You drive over the Ambassador Bridge from Windsor and pull up to a bulletproof booth, laden with video cameras, signs warning that compliance is required, metal gates ready to drop, concrete abutments everywhere.  Surly, scowling agents await; they are surrounded by wandering armed guards carrying automatic weapons.  The guards are wearing utility belts full of dangling equipment that all looks aggressive; sometimes they are accompanied by dogs or carrying mirrors to check under vehicles.

Are you trying to get into an area requiring top secret security clearance?  A vault filled with millions in  gold bullion?  Nope, just the United States.

Once you pass the scrutiny and cross examination of the agent in the booth, there is a contradictory sign that says “Welcome to the United States!”

You enter and what you find is the opposite of Fort Knox.  It’s Detroit, a city of abandoned houses, roads in disrepair, a large empty hotel with no windows left. It is the bombed out remains of what used to be a prosperous city.  A city that is in bankruptcy.  Hardly worth guarding like a fortress.

Nevertheless, Canadians line up (our national sport) to head into the US.  We come bearing money to buy things to bring back home.  We are looking for bargains.  More choices.  Access to cheaper goods from China than we see at home.

Hey US Border Guards!  We are customers bringing money!  Give us a little more than your disdain and disrespect.  You are just Walmart greeters.

But the US Border Patrol acts like they are defending some sanctified bastion.  Here’s an example from a real encounter:

“The Agent asked me where I was going.  I said I was driving to Florida to play golf.  He said ’so tell me about this trip?’  I replied, in a friendly voice, “What would you like to know?”   He looked at me, almost sneering, leaned towards me and said, in as threatening voice as he could muster, ‘You are entering a country where you are not a citizen or a resident, and you need to tell me the details of your trip.’”

A woman we know, an American who lives in Canada and is married to a Canadian, was driving her family at the same crossing in their car.  The guard asked if her son was her “natural born” child.  She was then aggressively told by the Border Agent that she better get her Canadian child registered at the US Consulate because “if we close this border, you are getting through but your child and your husband are not.”  She was embarrassed and affronted.

But still, Canadians come to buy, wanting to come home after their brief visits because they are scared of the violence and lack of healthcare in the US.

Canadians are the opposite of what the Border Agents are supposed to be guarding against:  We really don’t want to stay.  We are not coming to work illegally.   And we are not earning money there and sending it out of the country.

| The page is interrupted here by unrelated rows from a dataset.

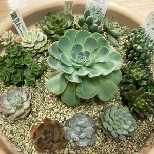 秋の日の多肉祭り✨ 本日はお日柄も良く、多肉植物を爆買いしました😆🎶 都内池袋の鶴仙園にて〜 本日お迎えしたのは、1番てっぺんから時計回りで ・エケベリア マカベアナ錦 錦好きです〜😍笑 実は、子株も出ています🙄 少し窮屈そうなので、明日にでも植え替えようかなと思ってます🤔 ・アエオニウム 明鏡錦 変わった形してるなぁと思って、お店の人に聞いてみたら、なんとアエオニウムΣ(゚Д゚) アエオニウムと言ったら、黒法師的な姿を想像してましたが、ギュイーンと惹かれてしまいました😍笑 どんな姿で育っていくのか楽しみです✨ 王道ではないかもですが、初アエオニウムです笑 ・ハオルチア 雪うさぎ 毛蟹の交配種とのこと。カワイイ😍一目惚れです💕 真ん中いって ・ハオルチアの交配種で ♀ウイミー45×♂シルバニアとのこと 前に迎え入れたドラゴンボール見て、丸っこい感じも好きかも😍って 今回迎え入れた中で1番高かったですカタ((((꒪꒫꒪ ))))カタ笑 左下へ ・クラッスラ 稚児姿 ムチッとした感じがイイ👍 ・クラッスラ 殿 この出で立ちカッコイイじゃん! 要はみんな一目惚れです、はい ( ,,ÒωÓ,, ) 財布忘れて、ヒヤヒヤしてたことは秘密です🤫笑
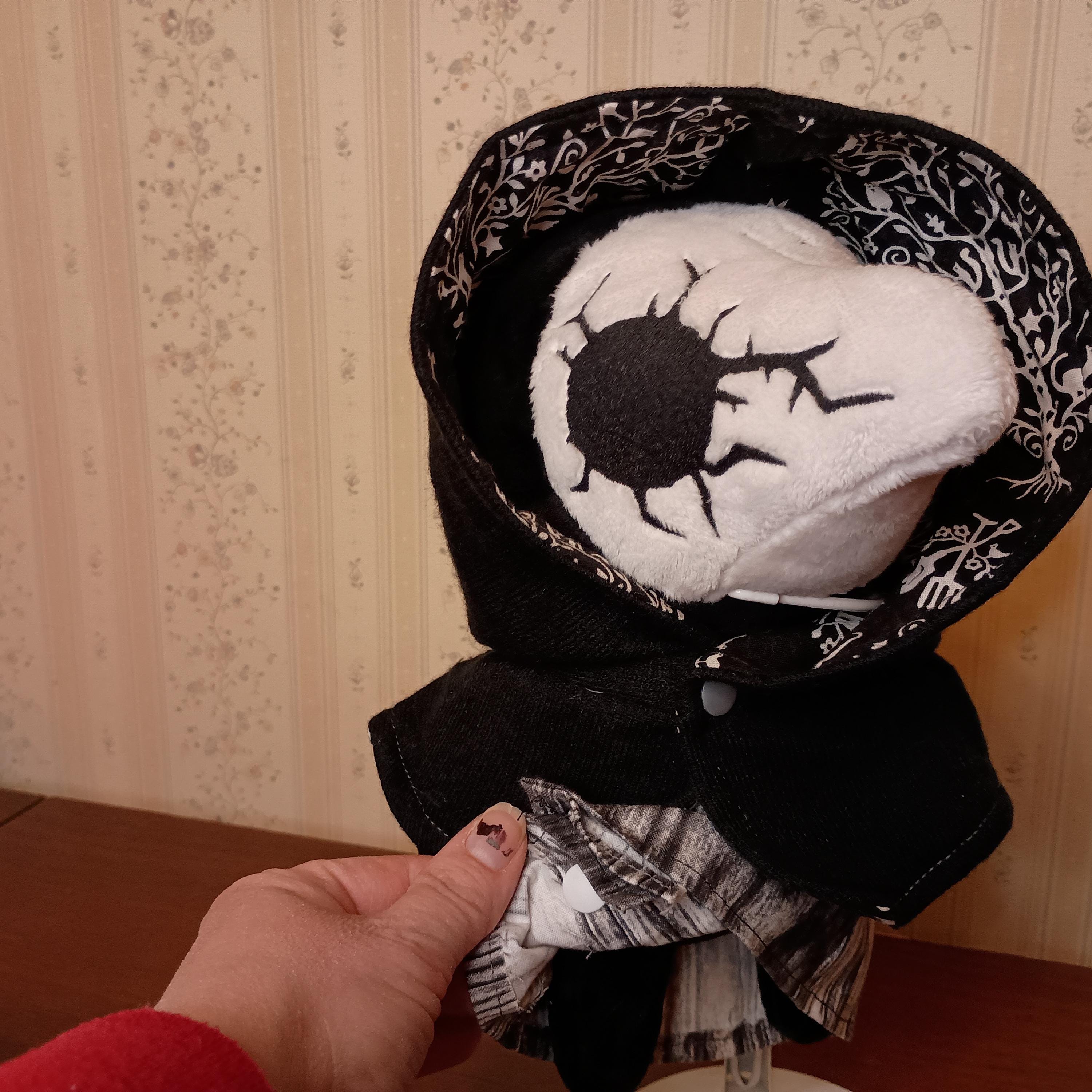 This is the lovely lady plague doctor plushie. She is looking for her forever home.
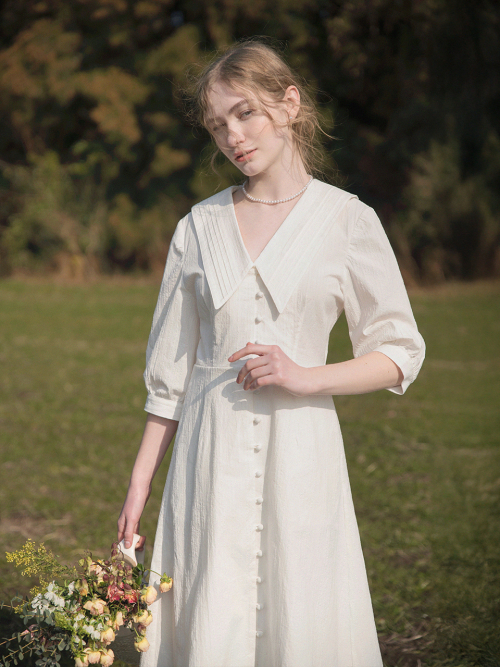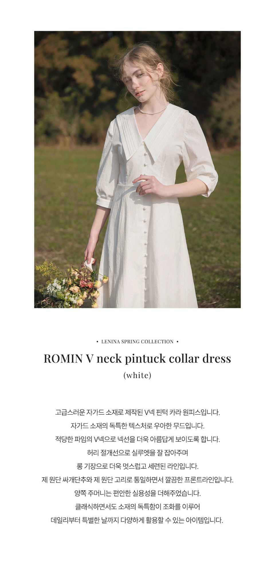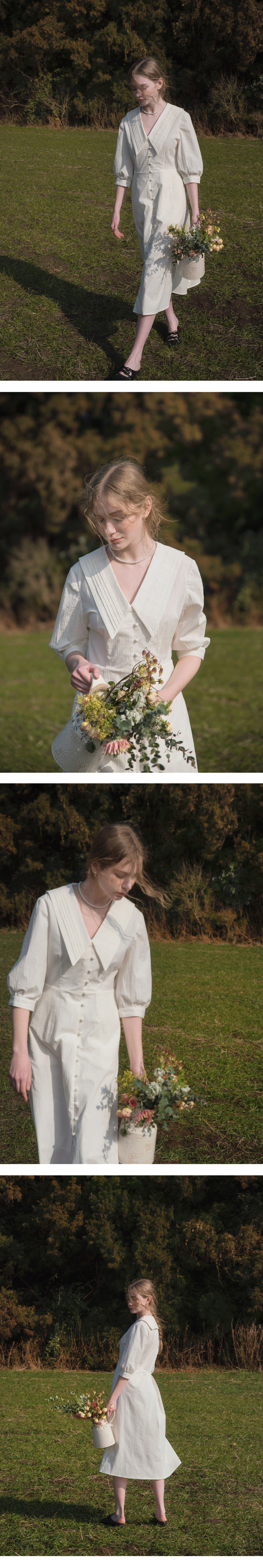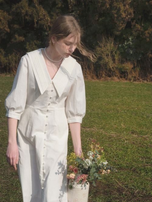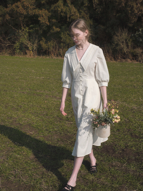 ROMIN V neck pintuck collar dress_WHITE

While border guards are harassing Canadians, there are an estimated eleven million Mexicans who really do want to stay.  They want to work illegally and earn money to send out of the country.  And still the intrepid Border Patrol can’t seem to find those eleven million.

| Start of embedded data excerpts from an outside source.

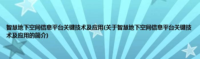 大家好,智慧地下空间信息平台关键技术及应用,关于智慧地下空间信息平台关键技术及应用的简介很多人还不知道,现在让我们一起来看看吧!
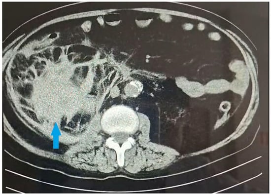 During a regular dialysis session, he complained of severe pain in his right lumbar region and hematuria. A detailed medical history revealed that the patient experienced mild right-sided lumbar tenderness 9–10 h prior to the current dialysis procedure while engaging in routine daily activities. He denied any preceding trauma. On physical examination, he presented afebrile, with pale, sweaty skin and arterial hypotension (BP 90/60 mmHg). A bedside abdominal ultrasound demonstrated subcapsular free fluid of the right kidney. Emergency contrast-enhanced computed tomography (CT) confirmed a massive subcapsular hematoma of the right kidney (size 10.8 × 8.6 cm) (Figure 1), infiltrating the retroperitoneal fat tissue. The patient was admitted to the urology clinic.
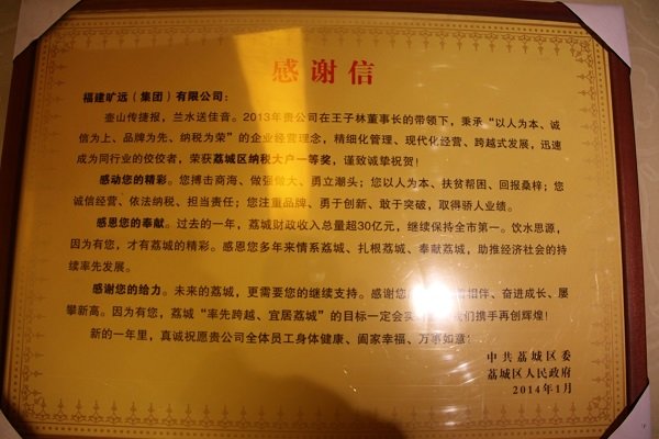 - 曠遠(yuǎn)集團(tuán)榮獲莆田市“2014年度納稅大戶”稱號
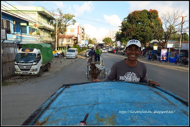 富有的黑Guide,為了讓我們體驗山區的一切,今早安排了遊船河,這是額外的行程,但沒有要求我們加團費。他又自掏腰包請我們坐彬烏倫市的英式馬車,到市集又送我們禮物,緬甸特式生果、食品任食。富有的公主也送我們緬甸的特式筒裙(Longyi),我們已經感激不盡。
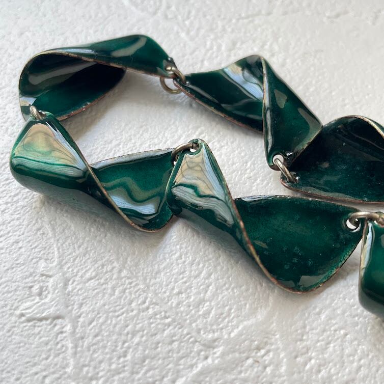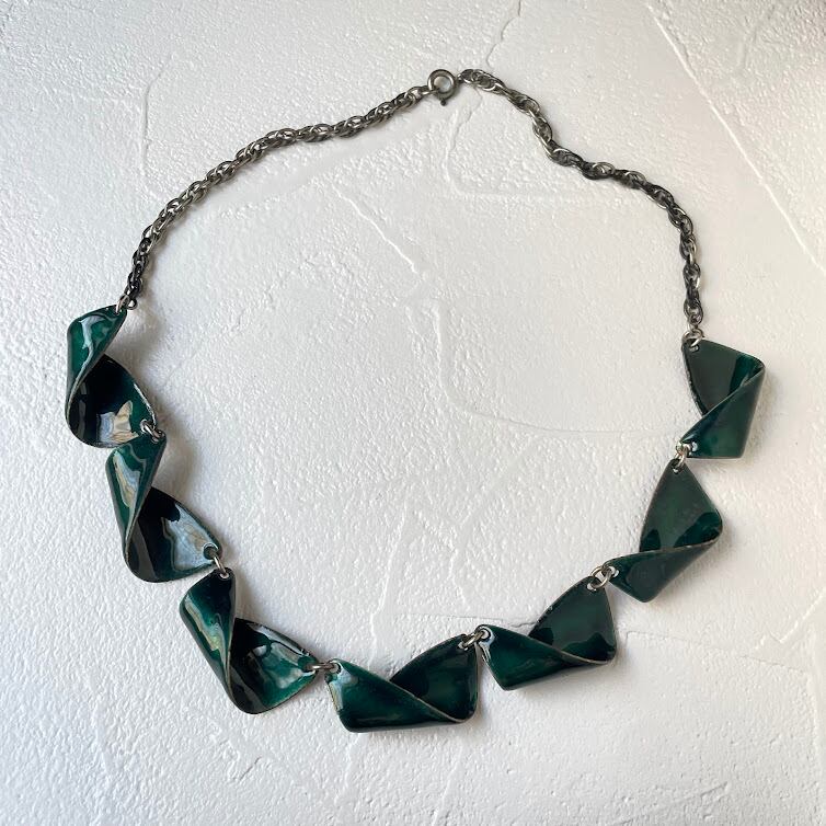 艶感あるエナメルの色合いと、動きのあるデザインが魅力のネックレスです。

Nor are we Muslims (well, most of us aren’t) who are routinely profiled and given even more terrible treatment at the US border.  A recent NPR On the Media story outlined the humiliation suffered by a group of American citizens coming back into their own country after attending a wedding in Canada.

That story has spawned other stories about the excesses and police state mentality of the Border Agents.  A medieval flautist complained that the border folks had destroyed his Arabic flutes.  No matter.

The attitude at the US border seems counter-productive to the US Tourism ads that regularly air in Canada telling us how we are welcome to come and spend time discovering the free and open society which the US dreams it is.

Time to teach the Border Patrol how to have the judgment to tell the difference between tourists and terrorists, visitors and invading workers.  Treating millions of tourists as if they are each a possible terrorist is bad politics and bad for business.